The Gr00tSimPolicyWrapper adapts the Gr00tPolicy to work with existing GR00T simulation environments that use flat observation/action keys (e.g., "video.camera_name", "state.joint_positions", "action.joints").
This wrapper is specifically designed for retro-fitting the GR00T policy with existing GR00T simulation infrastructure.
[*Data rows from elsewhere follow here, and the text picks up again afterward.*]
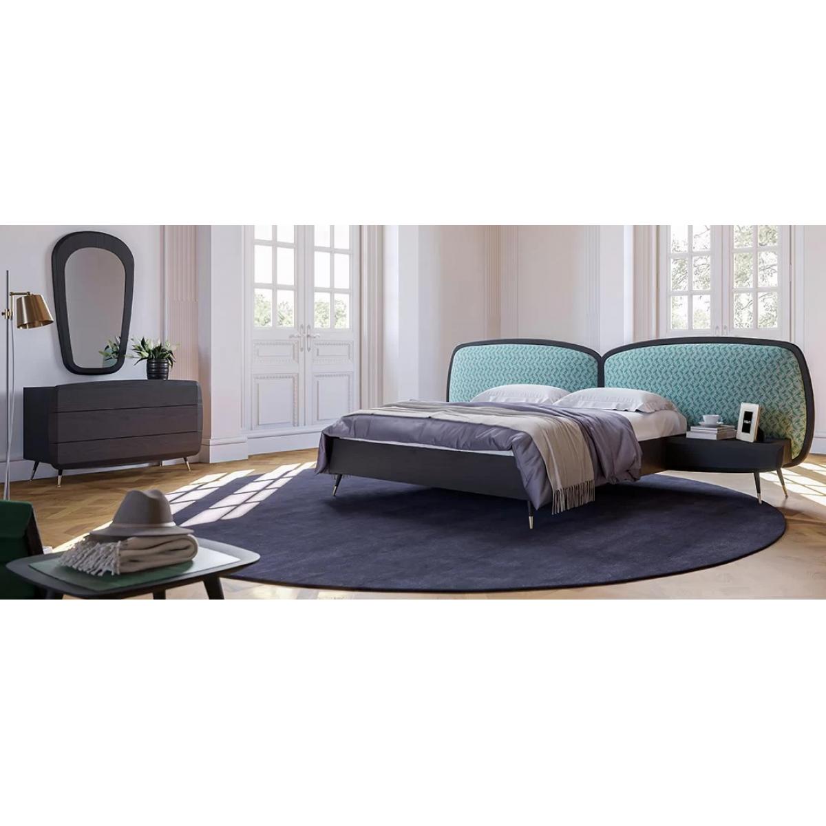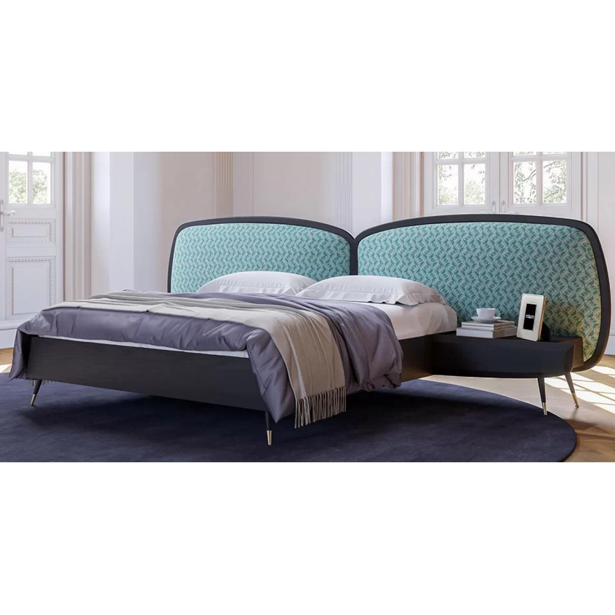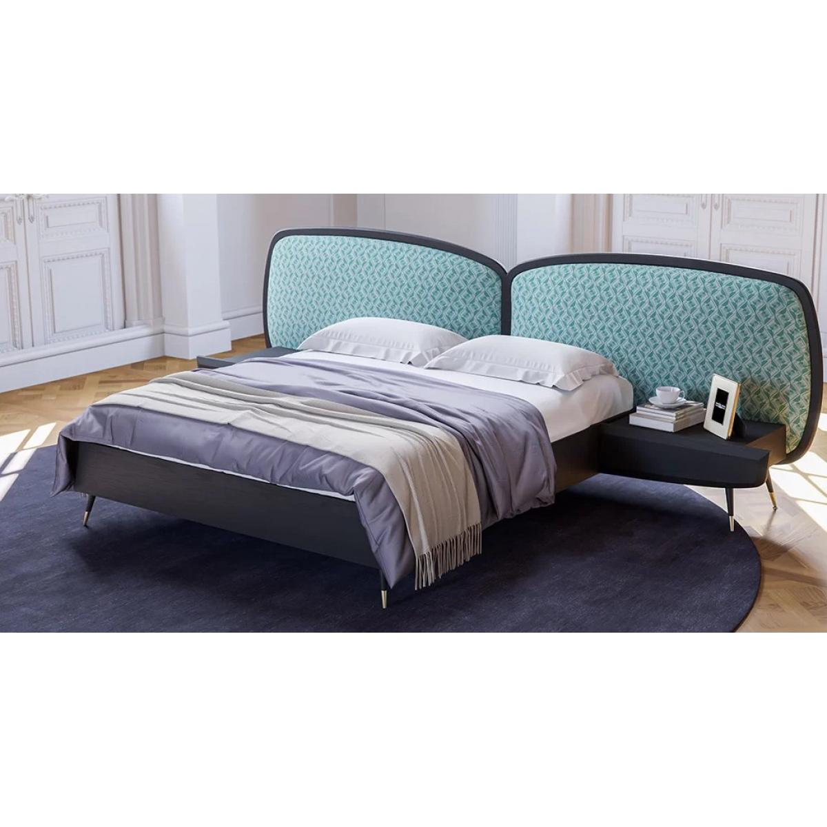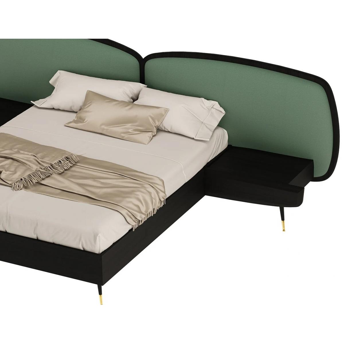 Luxury bedroom set green / black -1 Double Bed with Headboard & 2 Bedside Tables - Luxury bed featuring sculptural dual curved headboard, integrated bedside platforms, and antique brass accents. This luxury bed delivers refined European elegance, premium comfort, and modern designer styling.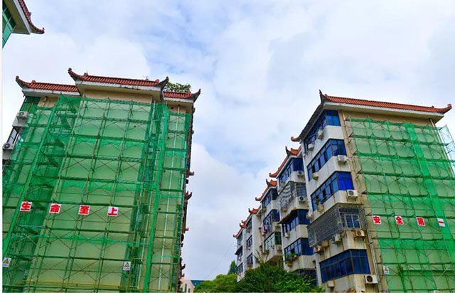 在不遠處的瀏陽一中宿舍改造施工現(xiàn)場,也隨處可見不停忙碌的建筑工人。據(jù)了解,這里的幾棟樓房屋頂改造已經(jīng)結(jié)束,工人們正進行外立面改造施工。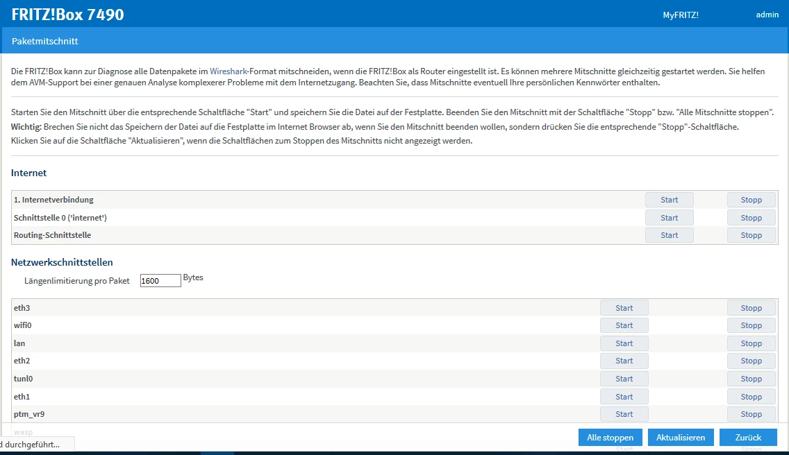 Und die Internetvebindung Mittschneiden? Wenn Du Start gedrückt hast dann eine 2. Seite aufmachen mit der Fritz.box Seite. Dann Internet -> Online-Monitor -> Neu Verbinden. Jetzt etwas 10 Minuten warten. Dann den Paketmitschnitt beenden.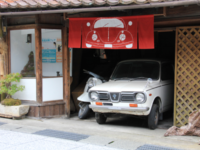 This company has two noren, the first of which features a design inspired by tire tracks. Their second noren's design is based on a Volkswagen Golf. The current owner loves classic cars, and the Golf is one of his favorites. Under the waving noren is a 1969 Subaru R2. They take such good care of this car that it can go for a drive even today. The only time the car is not on display is during the annual Katsuyama Hina Doll Festival. |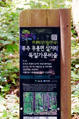 무주 무풍면 삼거리 독일가문비 숲에는 평균 26m 높이의 가문비나무 150여 그루가 장관을 이루고 나무 아래에는 층층나무가 함께 자라고 있어 아름다움을 더합니다. ‘2010년 아름다운 숲 전국대회’에서 ‘천년의 숲’ 분야 ‘어울림상’을 수상하기도 했습니다.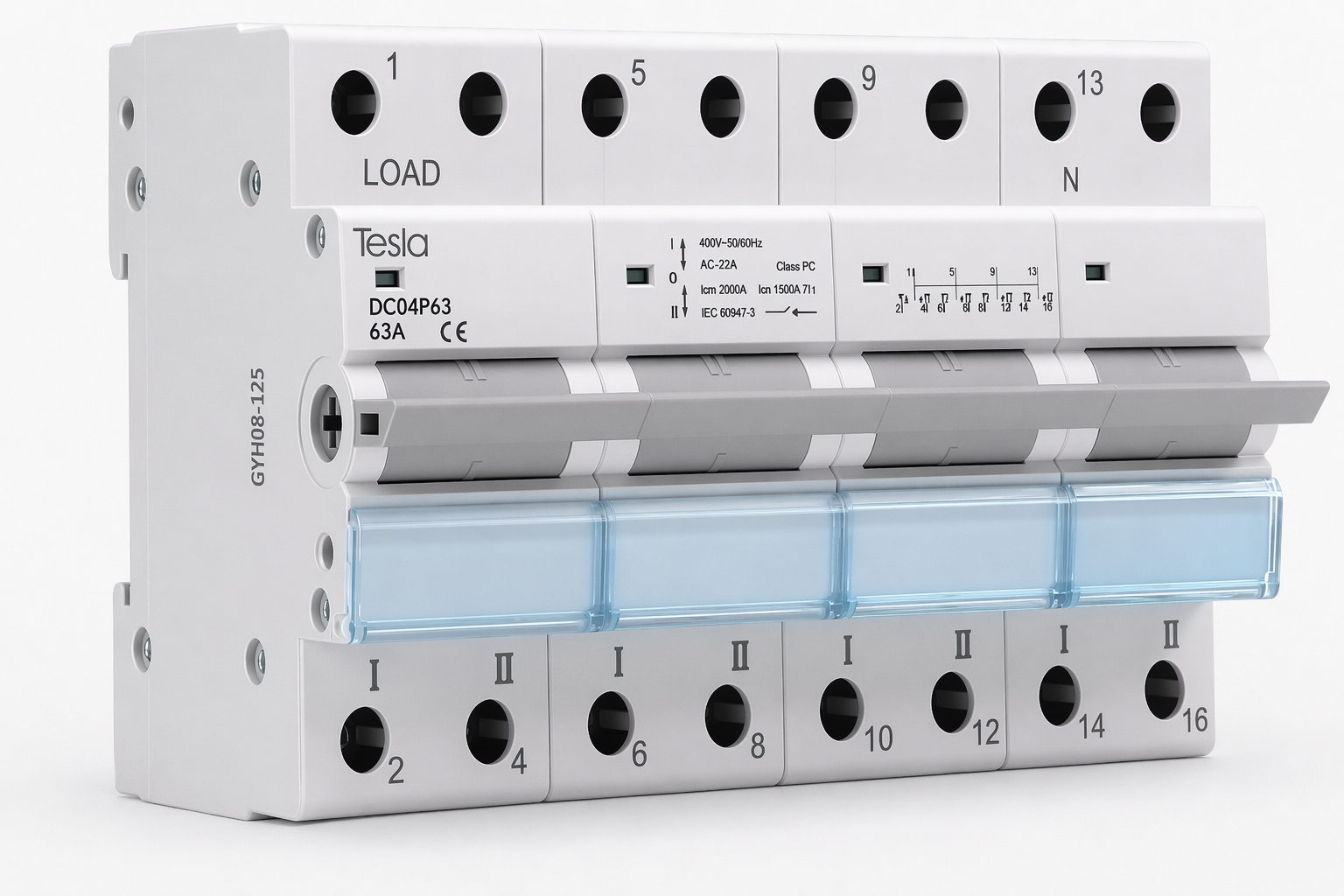 Tesla 63A 4 Pole Off Load Changeover Switch Din Rail

If you are building new environments or using custom robots, you should use Gr00tPolicy directly with the nested observation format.

Class definition

gr00t/policy/gr00t_policy.py
class Gr00tSimPolicyWrapper(PolicyWrapper):
    """Wrapper for Gr00tPolicy to enable compatibility with existing Gr00t simulation environments.
    
    Key transformations:
    - Observation keys: 'video.cam' -> observation['video']['cam']
    - Observation keys: 'state.joints' -> observation['state']['joints']
    - Language keys: 'task' or 'annotation.human.coarse_action' -> observation['language']['task']
    - Action keys: action['joints'] -> 'action.joints'
    """

Constructor

policy
Gr00tPolicy
required
The Gr00tPolicy instance to wrap
strict
bool
default:"True"
Whether to enforce strict validation

Methods

get_action

Generate actions from flat observation format.
def get_action(
    self, 
    observation: dict[str, Any], 
    options: dict[str, Any] | None = None
) -> tuple[dict[str, Any], dict[str, Any]]
observation
dict[str, Any]
required
Flat observation dictionary with keys like:
  • "video.camera_name": np.ndarray[np.uint8, (B, T, H, W, C)]
  • "state.state_name": np.ndarray[np.float32, (B, T, D)]
  • "task" or "annotation.human.coarse_action": tuple[str] or list[str] with shape (B,)
options
dict[str, Any] | None
Optional parameters
actions
dict[str, np.ndarray]
Dictionary of action arrays with flat keys like "action.joint_positions" with shape (B, T, D)
info
dict[str, Any]
Additional information dictionary

get_modality_config

Get the modality configuration from the underlying policy.
def get_modality_config(self) -> dict[str, ModalityConfig]
modality_configs
dict[str, ModalityConfig]
Dictionary mapping modality names to their configurations

reset

Reset the wrapped policy.
def reset(self, options: dict[str, Any] | None = None) -> dict[str, Any]
options
dict[str, Any] | None
Optional reset parameters
info
dict[str, Any]
Information dictionary after reset

check_observation

Validate flat observation structure.
def check_observation(self, observation: dict[str, Any]) -> None
observation
dict[str, Any]
required
Flat observation dictionary to validate

check_action

Validate flat action structure.
def check_action(self, action: dict[str, Any]) -> None
action
dict[str, Any]
required
Flat action dictionary to validate

Usage example

from gr00t.policy.gr00t_policy import Gr00tPolicy, Gr00tSimPolicyWrapper
from gr00t.data.embodiment_tags import EmbodimentTag
import numpy as np

# Initialize base policy
base_policy = Gr00tPolicy(
    embodiment_tag=EmbodimentTag.GR1,
    model_path="nvidia/GR00T-N1.6-3B",
    device="cuda:0"
)

# Wrap for GR00T sim environment compatibility
policy = Gr00tSimPolicyWrapper(base_policy, strict=True)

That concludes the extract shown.